For more than 40 years, environmental awareness and educational programs were offered at the Creston Valley Wildlife Area’s original Interpretive Centre, which was constructed on 7,000 hectares of Creston Valley wetland by the Canadian Wildlife Service in 1974.
“They used the wetland as an outdoor classroom. It was very successful,” said Posynick “Literally, hundreds of thousands of people would pass through it every year. A large number of students have actually gone on to have science careers.”
The building closed in 2017, and shortly before it was demolished last year due to it’s deteriorated state, centre and program management was passed on to the KCDCS from the Wildlife Management Authority, who had inherited the site from the Canadian Wildlife Service in the early 1980s.

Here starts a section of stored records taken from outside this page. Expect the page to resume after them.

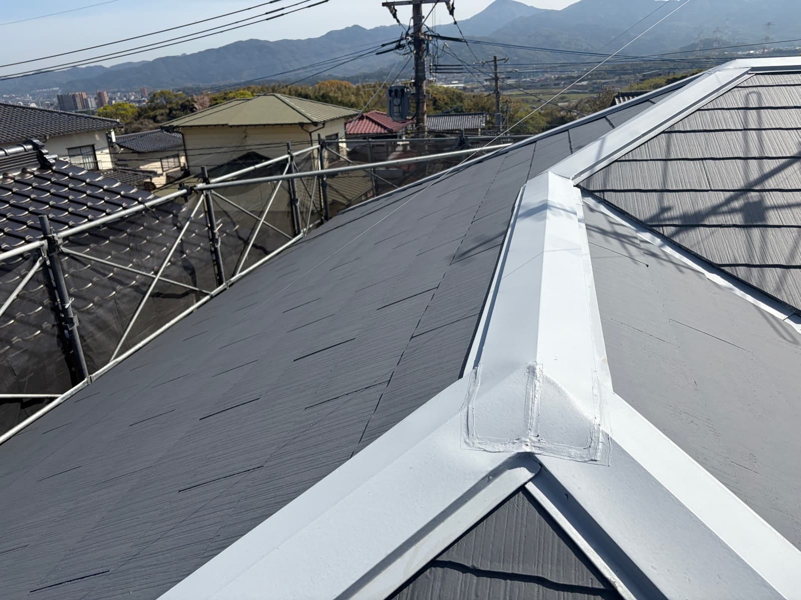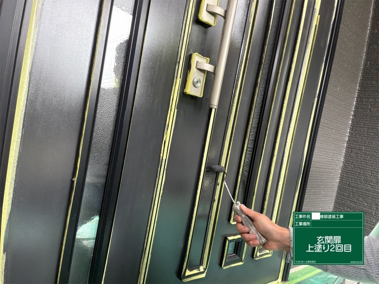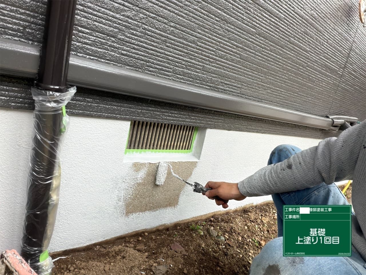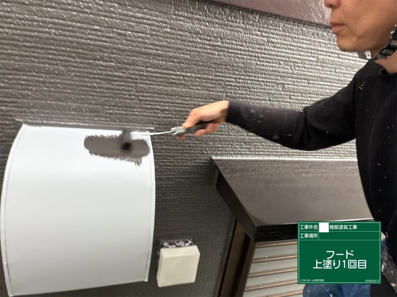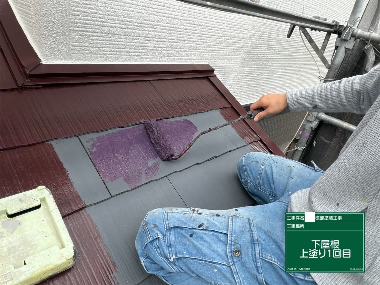 本日は付帯部塗装、下屋根上塗り1回目をさせて頂いております。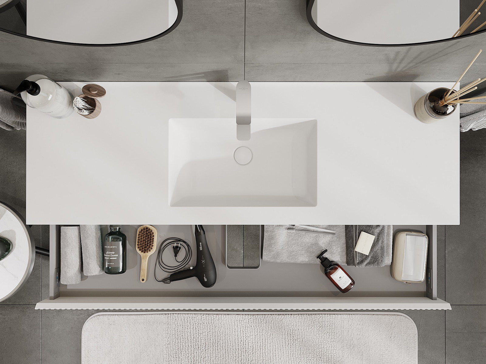 Our modular bathroom furniture can be combined in various colour configurations, allowing for complete personalisation. You can choose both the appearance and functions of individual elements, enabling you to adapt the furniture to your own stylistic and functional preferences.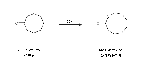 1.通过环辛酮合成2-氮杂环壬酮,收率约90%;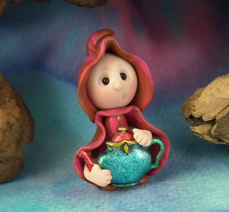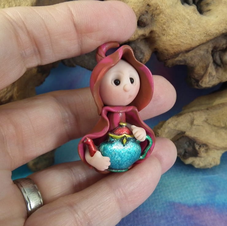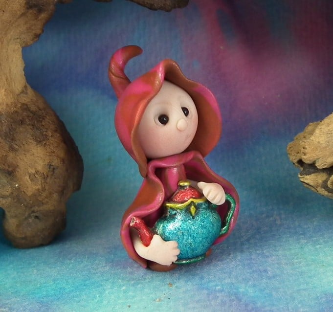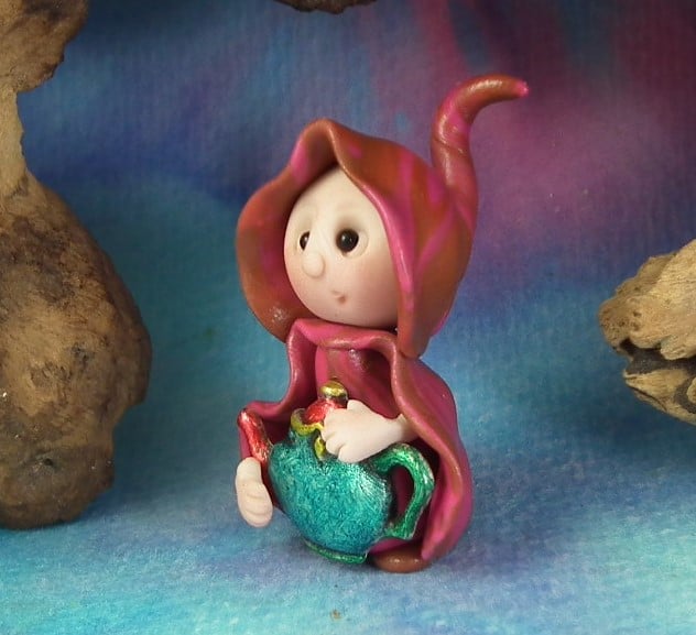 This is a 'one of a kind' creation having been entirely handmade without the use of moulds here at my studio on the Sussex Coast. Modelled with artist blend polymers, blushed before sealing with lacquer, Cally has sparkling black onyx eyes and handpainted teapot. Cally the Garden Gnome is just one and a half inches tall.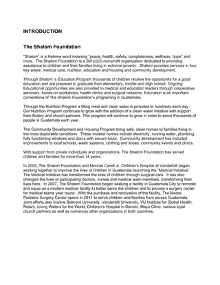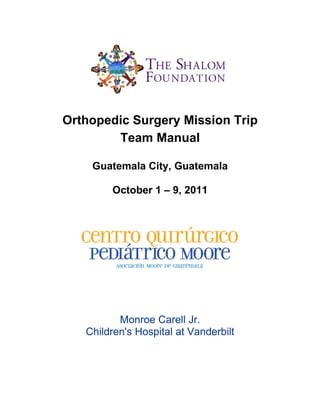 The document provides information about an upcoming orthopedic surgery mission trip to Guatemala City, Guatemala from October 1-9, 2011. It discusses the purpose of The Shalom Foundation in providing medical care, nutrition, education, and housing assistance to impoverished children and families in Guatemala. It also describes the opening of The Moore Pediatric Surgery Center in Guatemala City, which serves as a base for surgical procedures and care for poor children from across Guatemala who would otherwise go untreated. The center features operating rooms, pre-op and recovery areas, and is intended to function as a modern short-stay surgical facility for medical teams to provide care to children in need.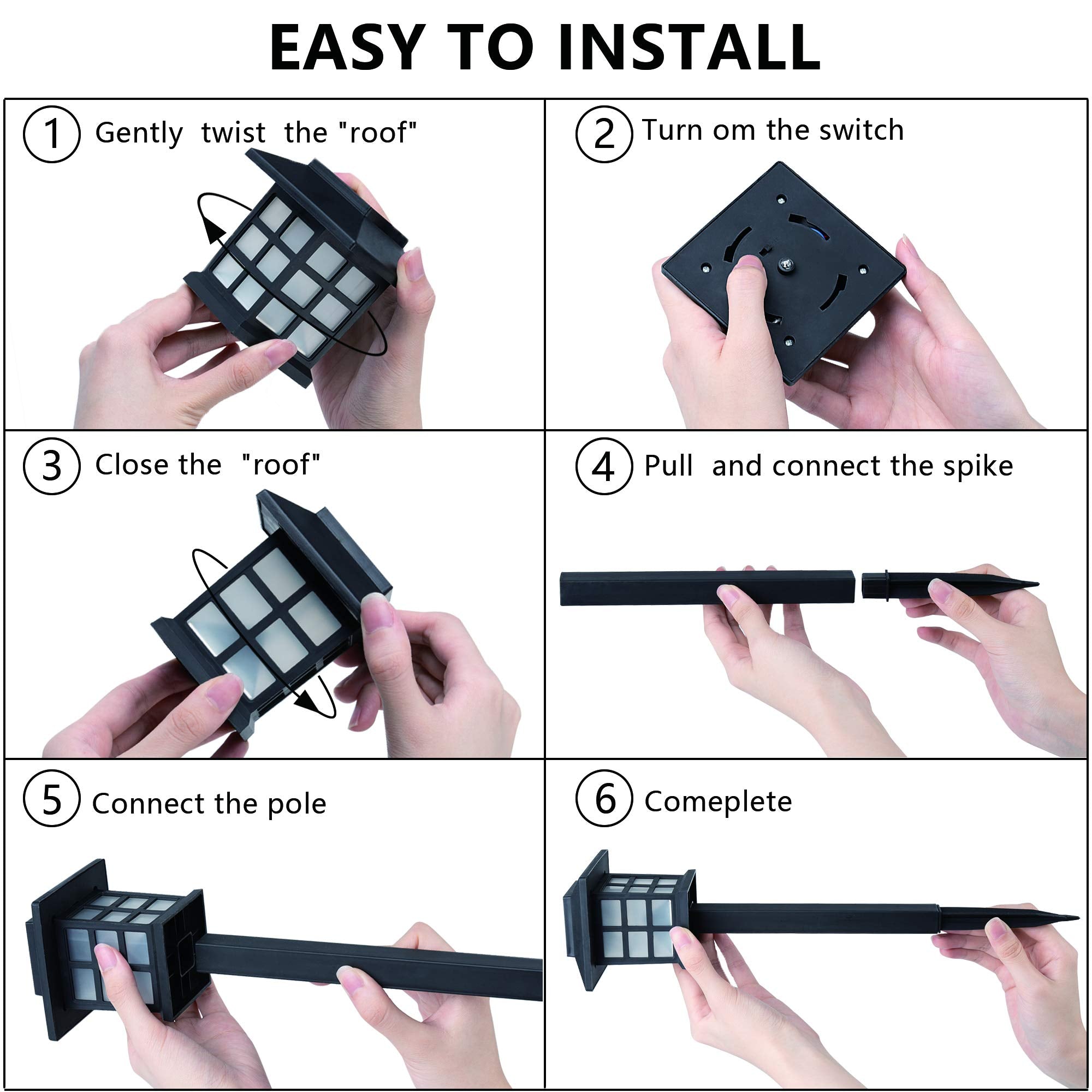 • 【EASY TO INSTALL】No additional tools, wiring, or power supply is needed. Installation steps is packed in the box.ONLY 3 MINUTES,the installation can be completed. The Solar garden lights turn on at nigh and turn off at dawn automatically.

“We went from 6,000 sq. ft. to 700 sq. ft. building, out of which we provide public education and environment programs. We’ve been successful since we took that over the past three years,” said Posynick. “We’re doing very well. We’ve maintained the connections and public interest remains extremely high.”
Although he doesn’t expect the new Discovery Centre to be ready for another three years, he added that plan is to build a location that is “something new, something better, something more accommodating and something that is culturally appropriate.”
“We’re looking to get enough members so that the profile of this organization will be raised. More participation, more input and hopefully as much collaboration from different sectors of society,” he said. “We want local and regional businesses to not just contribute financially, but be part of this wonderful environmental education project. Not for our benefit, but for the benefit of our children and future generations.”
By having more members, he continued, the society wants to exhibit the community’s support to funders and private foundations.
“If the local community doesn’t support it, you’re going nowhere. If the community supports it big time, then you have the opportunity to say — as we will — the tradition of 45 years is not only going to be maintained, but this community wants to see it grow,” he said. “They want to see this facility be the best word-class facility possible, right here on our wetland.”
The goal for the new site — which Posynick said will likely be located on or near the grounds of the old Interpretive Centre — is to provide new technological features such as virtual stations targeted to visitors with mobility issues, as well as unique learning opportunities that incorporate an Indigenous worldview.
“Environmental education that leaves out the cultural component is what’s been done in the past and it can be done in the future. But it’s incomplete,” he said. “We need that cultural, First Nations science, tradition and experience to inform the traditional science out there. Without this, it won’t be nearly as important.”
He added that the primary beneficiaries of the new Discovery Centre are the youth and future generations.
“Children are the ones who will benefit the most. This is brand new, and they will learn and grow through environmental programs and activities,” he said. “They will end up being community leaders.”